REQUIREMENT
Beginning with the line that holds "Votre mairie /", write out each line exactly as it stands until the end of the data, and include no pictures.

DATA SHOWN
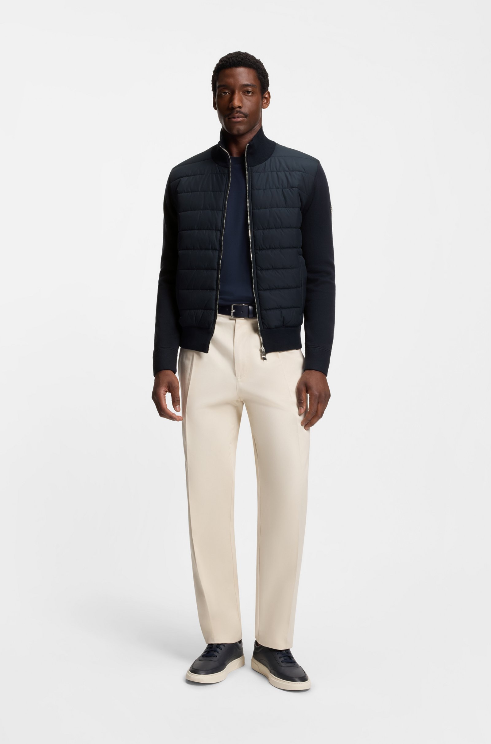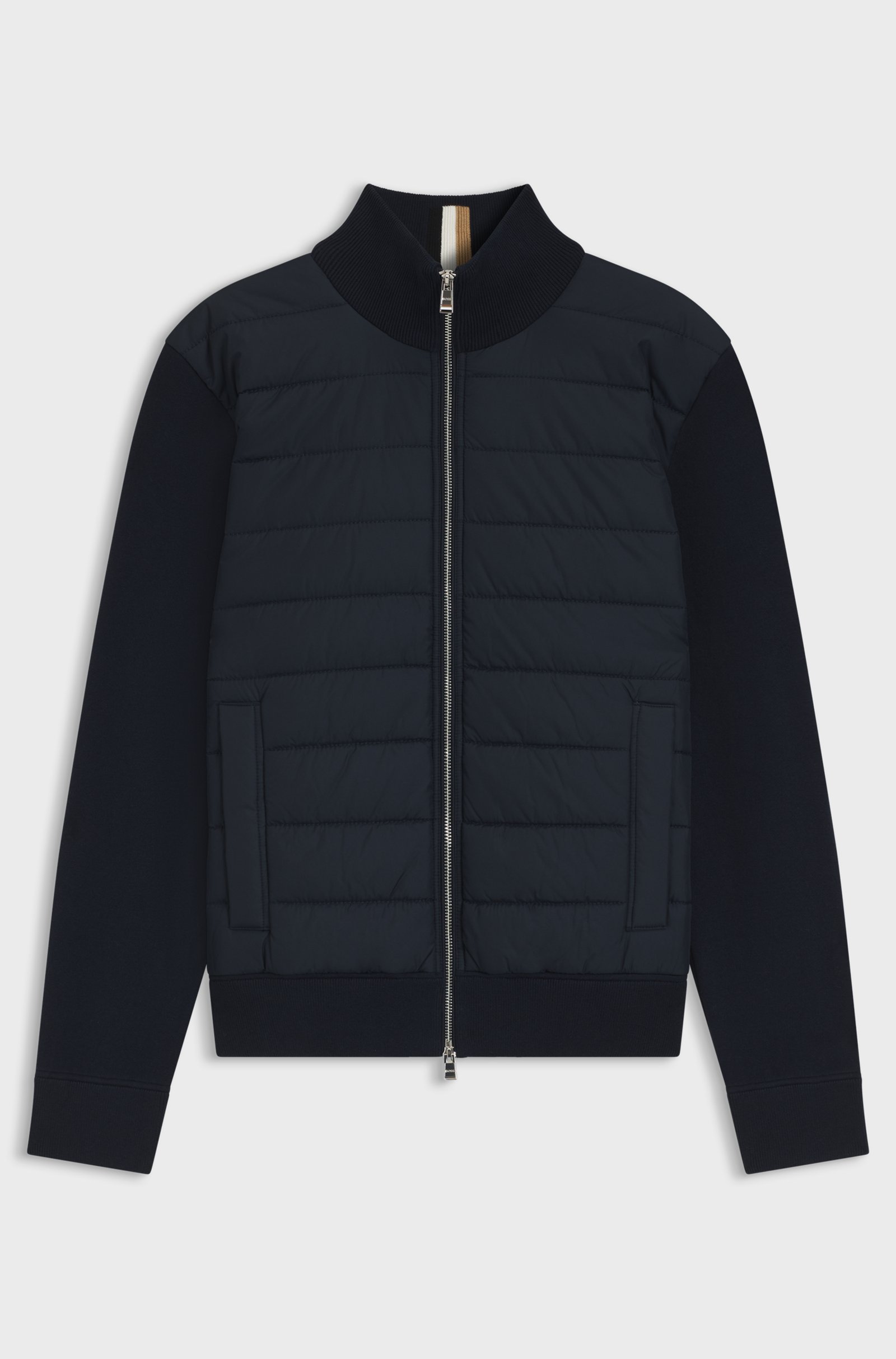 Una calda giacca BOSS Uomo, ideale per i look a strati. In morbido misto lana e cotone con parte anteriore imbottita a contrasto. Dettagli in maglia a coste. Questo prodotto contiene almeno il 60% di materie prime di qualità superiore. Questo prodotto è parzialmente realizzato in cotone biologico. I nostri standard in materia di coltivazione biologica non consentono l'uso di fertilizzanti sintetici, pesticidi o semi geneticamente modificati.
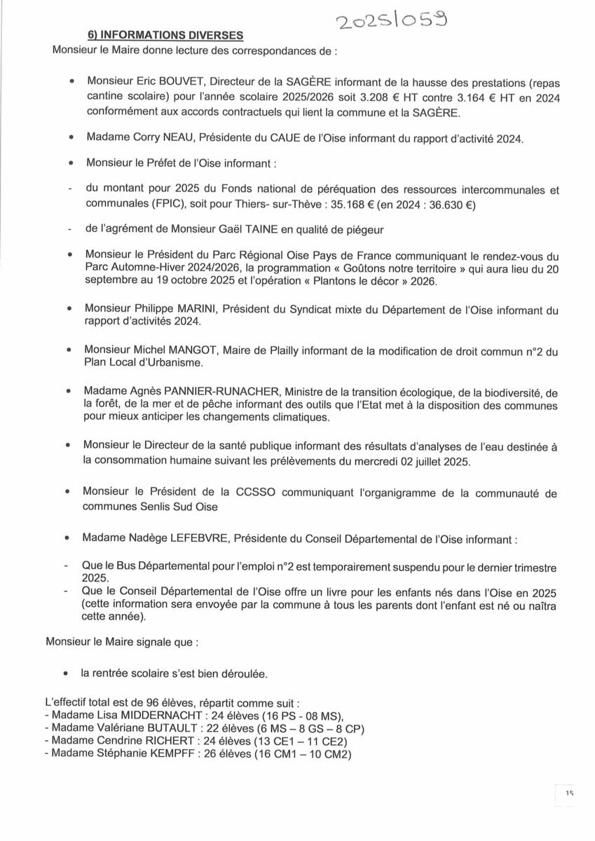 Votre mairie / Actualités / PROCES-VERBAL - RÉUNION CONSEIL MUNICIPAL 17 SEPTEMBRE 2025
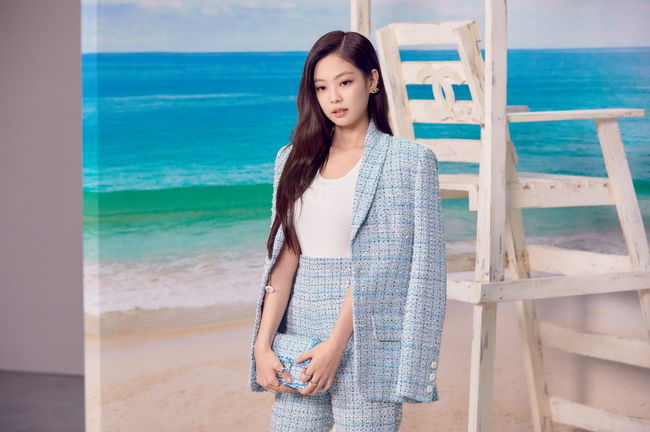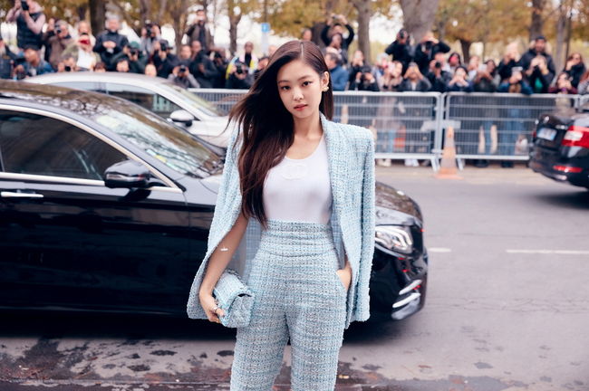 이날 제니는 라이트 블루 색상의 트위드 슈트를 자신만의 색깔로 소화하며 수많은 패션 피플 사이에서도 눈길을 끄는 매력을 과시했다.
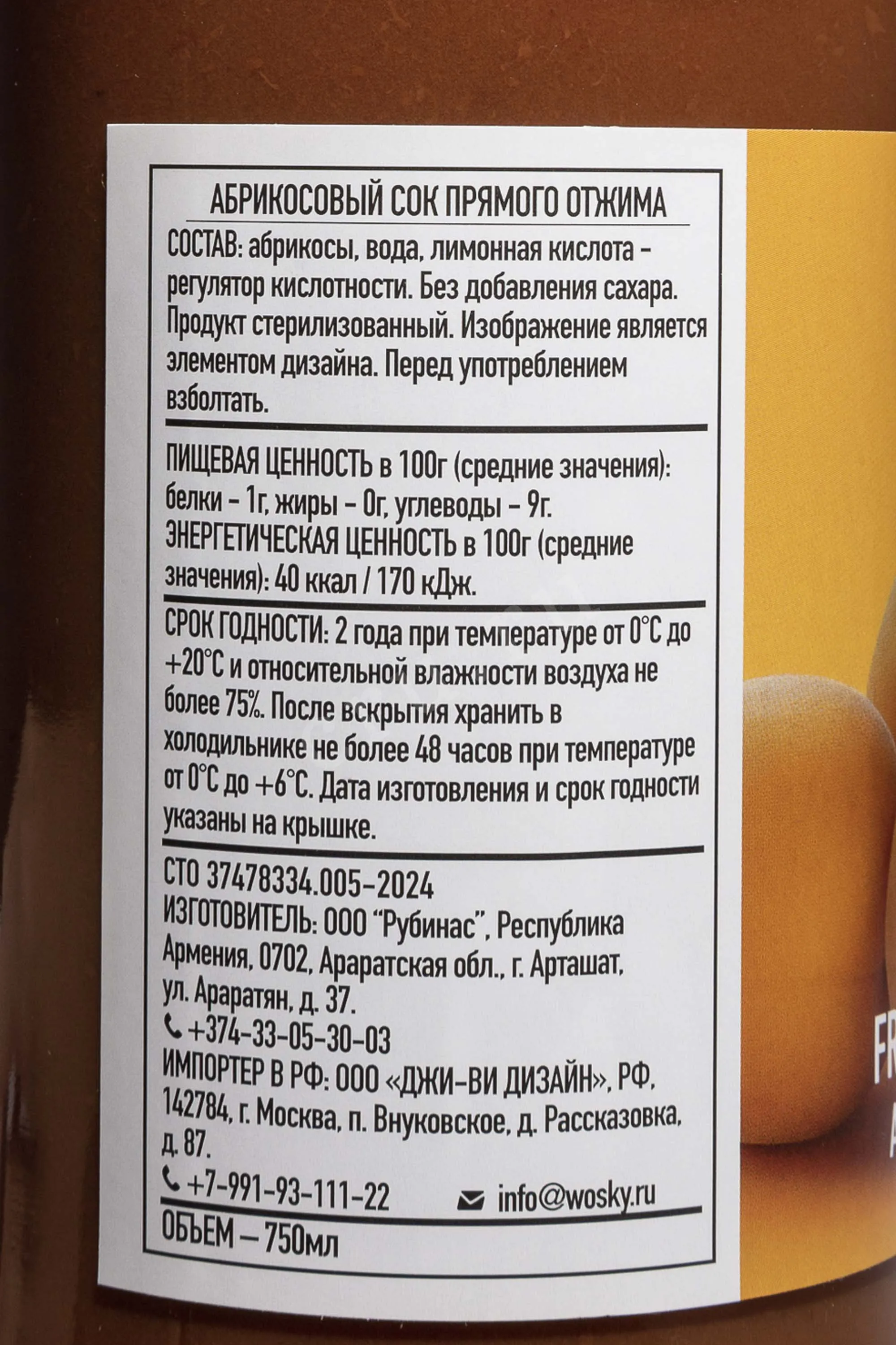 Сок Wosky Абрикосовый прямого отжима 0.75 л — фруктовый напиток с акцентом на природную чистоту вкуса и традиционный подход к переработке плодов. Производится в Армении исключительно из спелых абрикосов, без концентратов и искусственных добавок. Технология позволяет сохранить естественный состав и пищевую ценность плодов. Сок отличается густотой, мягкой текстурой и стабильным качеством. Натуральный вкус хорошо узнаваем. Напиток богат природными сахарами, органическими кислотами и витаминами. Он питательный и подходит для ежедневного употребления. Продукт стерилизован, что обеспечивает безопасность и сохранность вкуса. Разлит в стеклянную бутылку объемом 0.75 л, удобную для сервировки и хранения.

SOLUTION FOR THIS PROBLEM
 Votre mairie / Actualités / PROCES-VERBAL - RÉUNION CONSEIL MUNICIPAL 17 SEPTEMBRE 2025
 이날 제니는 라이트 블루 색상의 트위드 슈트를 자신만의 색깔로 소화하며 수많은 패션 피플 사이에서도 눈길을 끄는 매력을 과시했다.
 Сок Wosky Абрикосовый прямого отжима 0.75 л — фруктовый напиток с акцентом на природную чистоту вкуса и традиционный подход к переработке плодов. Производится в Армении исключительно из спелых абрикосов, без концентратов и искусственных добавок. Технология позволяет сохранить естественный состав и пищевую ценность плодов. Сок отличается густотой, мягкой текстурой и стабильным качеством. Натуральный вкус хорошо узнаваем. Напиток богат природными сахарами, органическими кислотами и витаминами. Он питательный и подходит для ежедневного употребления. Продукт стерилизован, что обеспечивает безопасность и сохранность вкуса. Разлит в стеклянную бутылку объемом 0.75 л, удобную для сервировки и хранения.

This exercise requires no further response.